Изменить стиль страницы

Но штормовые ветры и судьба уже были против Рэли: ураганы рвали паруса, корабли летели на скалы, буря выбрасывала их на мель, экипажи были на грани бунта, и пришлось лечь на обратный курс. Силы флибустьера иссякли, и он отдал бразды правления сыну Уоту, на пути они мигом опустошили испанский городок Сан-Томе, более того, любимый сын был убит, а несчастный Рэли с жалким грузом золота, захваченного на проплывающих испанских кораблях, двинулся домой. Что делать королю, который стал дорожить дружбой с Испанией? Он передал дело Рэли в Тайный Совет, там великий авантюрист нашел сочувствие, даже прокурор заявил: «Сэр Уолтер Рэли был звездой, на которую взирал весь мир; но звезды падают, — нет! они должны упасть, когда тревожат сферы, которым подчиняются».

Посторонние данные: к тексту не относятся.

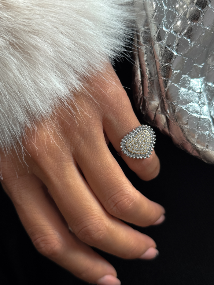 Stainless steel in gold and silver, shaped into a sleek oval that feels like a quiet secret on your hand.

Панегирики прокуроров не мешают смертным приговорам. Рано утром 29 октября 1618 года в черной мантии Рэли вышел на площадь (не в Тауэре, а в районе Вестминстера), где его уже ожидала толпа, и поднялся на эшафот, попросив всех произнести вместе с ним молитву. Затем он провел пальцем по топору палача и произнес: «Это острое и вполне подходящее средство для излечения меня от всех болезней». Когда один из свидетелей потребовал, чтобы осужденный, кладя голову на колоду, повернул лицо на восток, появился повод пошутить еще один раз: «Не важно, где находится голова, важно — чтобы сердце было на месте». Голова отлетела навеки, ее положили в красную кожаную сумку, а тело завернули в бархатную материю.

Верная и единственная жена Елизавета Трокмортон похоронила тело мужа в церкви Святой Маргариты в Вестминстере, а забальзамированную голову хранила целых 29 лет в своей спальне до самой смерти, — вот какие бывают жены!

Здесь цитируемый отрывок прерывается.